Knowledge Graph–Powered and LLM-Assisted Microbial Growth Predictions: Integrating Symbolic Rule Mining, Boosted Trees, and Deep Graph-Based Models
Joachimiak MP
BOKR
Predicting microbial growth preferences has broad impacts in biotechnology, healthcare, and environmental management. By identifying the media and conditions conducive to the growth of an organism, researchers can streamline strain selection for industrial processes, develop targeted antimicrobials, and uncover metabolic pathways for biodegradation or bioproduction. However, microbial cultivation remains an unsolved challenge, with only a small fraction of microbial taxa easily culturable.
Microorganisms are diverse in their metabolic capabilities and growth preferences, though much of this knowledge remains fragmented and locked in unstructured text. To address this, we developed KG-Microbe, a knowledge graph (KG) of over 800,000 bacterial and archaeal taxa, 3,000 types of complex traits, and 30,000 types of genome functional annotations. Built using a reproducible pipeline grounded in ontologies, KG-Microbe supports a spectrum of applications, such as predicting growth conditions and traits of microbes, interpreting metagenomics and other omics data, and providing recommendations for bioengineering and biomanufacturing.

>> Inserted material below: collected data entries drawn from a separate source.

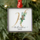 Gold Glitter Pine Cone Holly Christmas Monogram H Metal Ornament
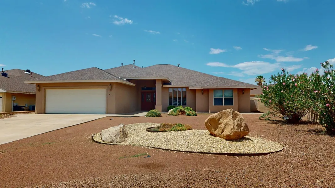 This 3 bedroom, 2 bath home sits at the end of a cul de sac, near the golf course. There is so much living space in this home, and you will love the large bedrooms. The kitchen is the center of the home and not only has a lot of cabinets, there is more than ample countertop space, and stainless appliances. The garage is huge offering added space for storing toys or a workshop area. The living spaces are separated by a beautiful see through fireplace, adding an ambiance to both spaces. The back patio is expanded, and wraps around one of the interior living areas. With several smart home features, gorgeous mountain views, and a low maintenance backyard, this home is a must see.
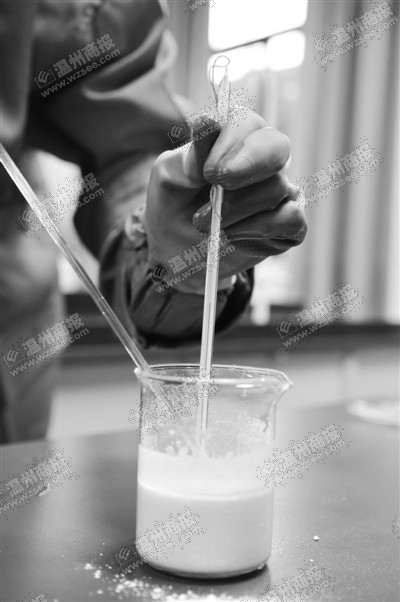 陈长胜介绍说,常见的干燥剂分两种,一是石灰干燥剂,另一种是硅胶干燥剂。相比较而言,石灰干燥剂价格低廉得多。“石灰的主要成分是氧化钙,遇水产生化学反应会生成氢氧化钙,并释放出大量的热量。如果这种反应是在一个封闭的空间内进行,就有爆炸的可能性。”随后,陈老师与商报君一起做了一个实验。
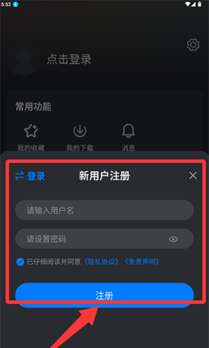 1、在新用户注册界面填写用户名与密码,完成账户注册。
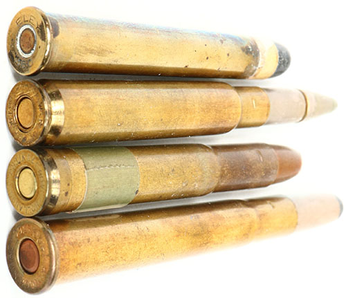 Lot of 4 British Sporting Cartridges. (1) .318 Westley Richards, HS:''WR 318'', PT CN LT capped. (1) 360x2.25'' Express, HS:''ELEY . 360 .'', RN PP Lead w/ copper tube. (1) 400/360 Nitro, HS:''KYNOCH NITRO 400/360'', RN CN SP. 400/375 Belted, HS:''HOLLAND'S .400/375 NITRO. Grade: Very Good + - Value: 20 to 40

Using KG-Microbe, we constructed machine learning pipelines to predict microbial growth preferences using different combinations of KG-derived input data types with: 1) symbolic rule mining, producing editable, human-readable explanations, 2) gradient boosted decision trees, and (3) deep graph-based models, which can achieve higher accuracy but with lower transparency. We demonstrate that symbolic rule mining can match the performance of “black box” methods, while boosted tree models yielded a mean precision of 70% across 46 diverse cultivation media. To help interpret and validate these predictions, we show that Large Language Models (LLMs) can be used to synthesize and explain model outputs. By comparing the model and their results, we identified key data features, data type biases, and knowledge gaps relevant to predicting growth preferences. We also use KG-Microbe embedding vector analogies and complex semantic queries across combinations of organismal traits to generate hypotheses and identify target organisms with specific properties.
Our work highlights the capabilities of a KG-driven approach and the trade-offs between model interpretability and predictive performance. These findings motivate the development of hybrid AI/ML approaches that combine model transparency with enhanced data utilization and predictive performance to advance microbial cultivation.